Later in the debate, Ryan said he supported walls along the US-Mexico border where it made sense but not one wall from “sea to shining sea.”
Ryan seeks distance from Democratic Party
As he has done on the campaign trail and in paid ads, Ryan sought throughout the debate to tout his independent bona fides, noting how he broke from his own party and at times backed Trump on trade.
“I think everybody is to blame,” Ryan said when asked if President Joe Biden is to blame for rising inflation. “Kamala Harris is absolutely wrong on that,” he added when asked if the vice president was correct when she said the border was secure.
Ryan then used this argument to hammer his opponent, arguing that he “can’t stand up to anyone” because even after Trump said at a recent campaign rally that Vance was “kissing my ass” to get him to campaign for him, the Republican nominee didn’t stand up to the former President after he took his “dignity from him.”
“He was called an ass kisser by the former President,” Ryan said, adding later, “Ohio needs an ass kicker, not an ass kisser.”
Vance went with a timely response.
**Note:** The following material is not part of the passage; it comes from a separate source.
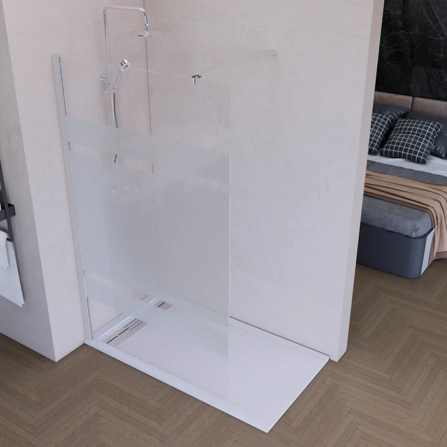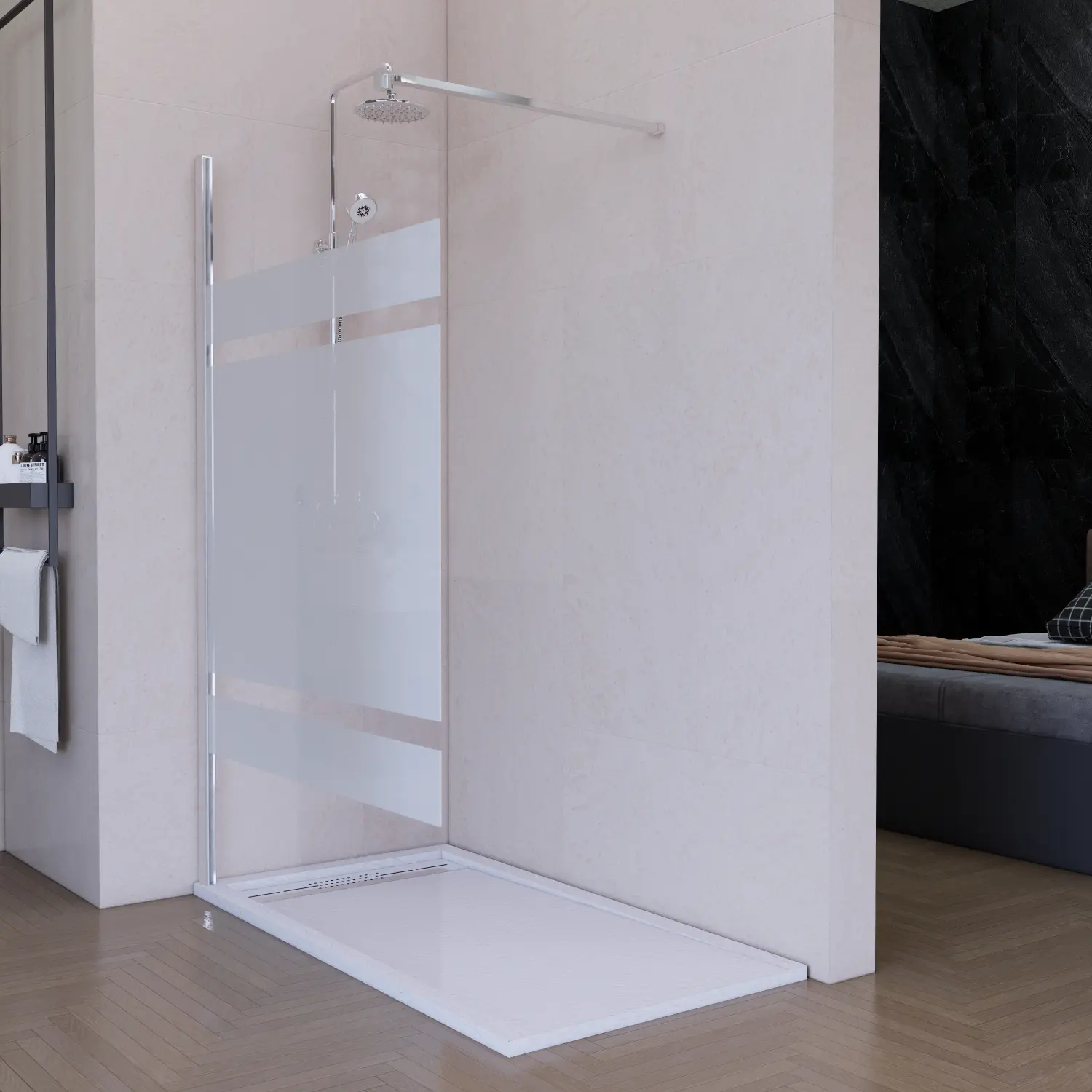 Mampara serigradiada con 3 franjas, las 2 mas finas tienen un ancho de 10cm y la banda gruesa un ancho de 64cm.

After noting Halloween is close, he added, “Tim Ryan has put on a costume where he pretends to be reasonable moderate.”
And the Republican did little to distance himself from Trump, his party’s standard bearer. When asked if Trump had done anything that concerns him, Vance urged letting “the criminal investigation play out” on the mishandling of classified documents stored at Mar-a-Lago and criticized the focus on past scandals around the former President.
Vance paints Ryan as a creature of Washington
Vance closed the debate by contrasting his personal choice two decades ago – to enlist in the Marines – with Ryan’s decision to successfully run for Congress.
To Vance, the race between him and Ryan is a referendum on “failed leadership” in Washington, positioning that allows the Republican to carry himself as the political outsider and Ryan as the career politician.
“He has been failing at his basic job for 20 years,” Vance said of Ryan, who was first elected to Congress in 2002. “Talks a big game but the record of accomplishment just isn’t there.”
Although Ryan pushed back against this narrative – “I’m not going to apologize for spending 20 years slogging away to try to help one of the hardest economically hit regions of Ohio,” the Democrat said – Vance’s strategy was clear.
“Ohioans deserve certain things from their federal leadership,” Vance said, capturing his entire electoral argument. “They deserve to go to the grocery store and be able to afford food without it breaking the bank. They deserve streets you can walk down safely. They deserve a country that has a border.”
Wide gulf between candidates on foreign policy
Some of the biggest differences of the night came on foreign policy.
When asked how the United States should respond to the potential Russian use of nuclear weapons, Ryan said it would call for an “aggressive response” but added, “I don’t think we are at that point where (Russian President) Vladimir Putin will.”
Ryan than tried to turn the issue on Vance, noting that the Republican once said he doesn’t “really care what happens to Ukraine.”
“J.D. Vance would let Putin roll right through Ukraine,” Ryan said, noting the large Ukrainian population in Ohio. “J.D. Vance is weak on this.”
Vance, however, did not shy away from those comments, saying, “The answer is that no one knows how we would respond,” and mocking Ryan for saying the use of nuclear weapons would call for an “aggressive response.”
“What exactly does that mean? Does that mean we should be in a nuclear shooting war?” Vance said, accusing Ryan of being part of the “bipartisan foreign policy establishment.”